И сейчас сам смотрел на нее, и меня трясло всего от едкой жажды обладать. Испробовать ее всю. Злит и в то же время крышу рвет от этих эмоций. Повел членом по ее губам и застонал, как от боли, не смог сдержаться, а у нее слезы по щекам потекли. Твою ж мать. Ни черта эротичного я в этом не увидел. Член колом стоит, а водраться ей в рот не могу. Адски хочется, и что-то держит. Сильно, цепко впиваются мне в глотку какие-то шипы и вонзаются глубже и глубже. Я верчу головой, пытаясь избавиться от проклятых иголок. Сжимая ее затылок и свой член у основания, вожу по ее губам, меня всего трясет похлеще, чем в лихорадке. По спине пот градом катится.
– Не надооо, я не могу… пожалуйста… мне плохо. Я никогда… не надоооо.
Так жалобно, так… Бл*дь, да что ж она со мной делает? Сучка такая. Голосом своим, телом этим идеальным, губами своими свежими. Такими свежими и мягкими на вид. От осознания, что ее так никто и никогда, шипы стали впиваться острее, до крови, перекрывая кислород уже мне. Всего один толчок до грязи. Один маленький толчок, и она просто станет девкой с моим членом во рту. И дальше я побываю в ней везде. Стоит лишь взять один раз. Утолить эту жажду, и меня отпустит.
Секунды тикают и бьют меня по затылку короткими, но меткими ударами. Глаза в глаза. Она внизу, на коленях, смотрит, как на самого Бога или Дьявола, даже руки свои маленькие вместе сложила.Смять цветок, пройтись по нему грязными сапогами или оставить себе, чтобы каждый лепесток обрывать постепенно, смакуя нежный аромат? Я отражаюсь в ее зрачках сквозь хрусталь слез, и перед глазами совсем иная картинка, где она держится за мою плоть и исступленно ее сосет… Добровольно, мать ее. Вот, чего я хотел. ДОБРОВОЛЬНО! Я никого и никогда не насиловал, а с ней превращался в невменяемого маньяка. Я шлюхам платил за то, чтобы они играли со мной в то, чего, бл*дь, не существует. В гребаную любовь. Чтобы я с ними ни делал, они кончали подо мной и хотели меня, или делали, мать их, вид, что хотят. А она… она меня ненавидела, и от ее ненависти со мной происходило что-то невыносимое. Мне хотелось причинить ей адскую боль, разорвать на куски… и каждый раз я не мог этого сделать.
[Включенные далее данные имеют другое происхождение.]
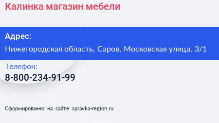 Калинка, магазин мебели по адресу Нижегородская область, Саров, Московская улица, 3/1 в дальнейшем Организация, размещена в следующих категориях: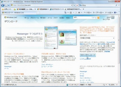 | 画面1 Windows Liveのサイトで[今すぐダウンロード!]をクリック |
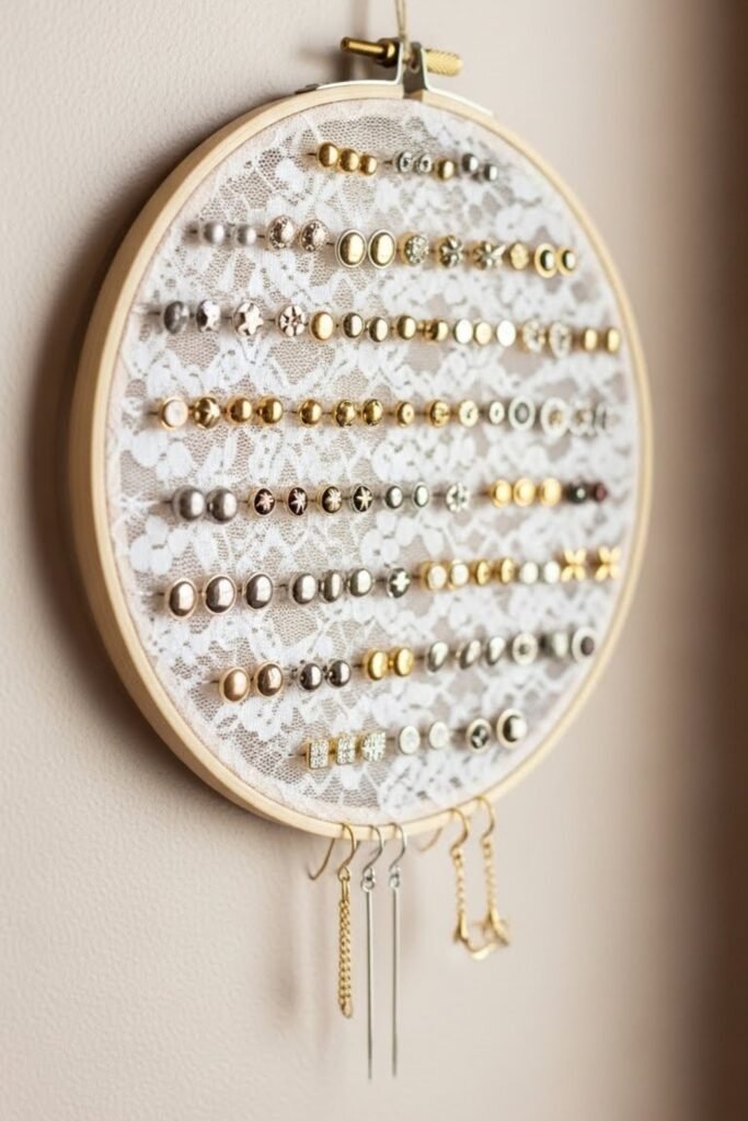 Hook earrings hang through the lace openings, while studs push through easily. This idea works best for lightweight earrings and adds charm to vanities, dressers, or bedroom walls.

И сейчас не смог, но и уйти с разрывающимся от боли членом не собирался.
Удерживая галстуком снова, развернул к себе спиной, поставил на четвереньки, толкнул вперед к кровати. Она всхлипывает и дрожит вся, руки хаотично шарят по простыням, пытается отползти, но я возвращаю ее на место.
– Не надо… не надо… не так… не надо.
Твою мать! Ее голос мешает, он опутывает шипы острым ядом, травит их, раздражает болью.
А перед глазами спина тонкая, рельеф позвоночника под прозрачной розовой материей. Задрал подол ночнушки на спину и надавил Наде на поясницу, заставляя прогнуться. Впервые увидел ее плоть, и глаза закатились от вида розовых складок. Силой сжал член у основания. На секунду перед глазами потемнело и взгляд остекленел. Ворваться в ее дырочку по самые яйца, войти так, чтоб заорала вместе со мной, и пусть весь мир, на хер, взорвется в кровавом хаосе. Хочу ее до боли в костях.
– Пожалуууйста, Вадим, пожалуйста. Не надо. Не так. Я прошу.
Твою ж! Мааать! Отшвырнул галстук, пальцами по промежности повел и за волосы ее взялся, потянул назад к себе. От возбуждения трясет всего, но шипы держат сильно, ненавистно сильно. Черное марево заволакивает разум.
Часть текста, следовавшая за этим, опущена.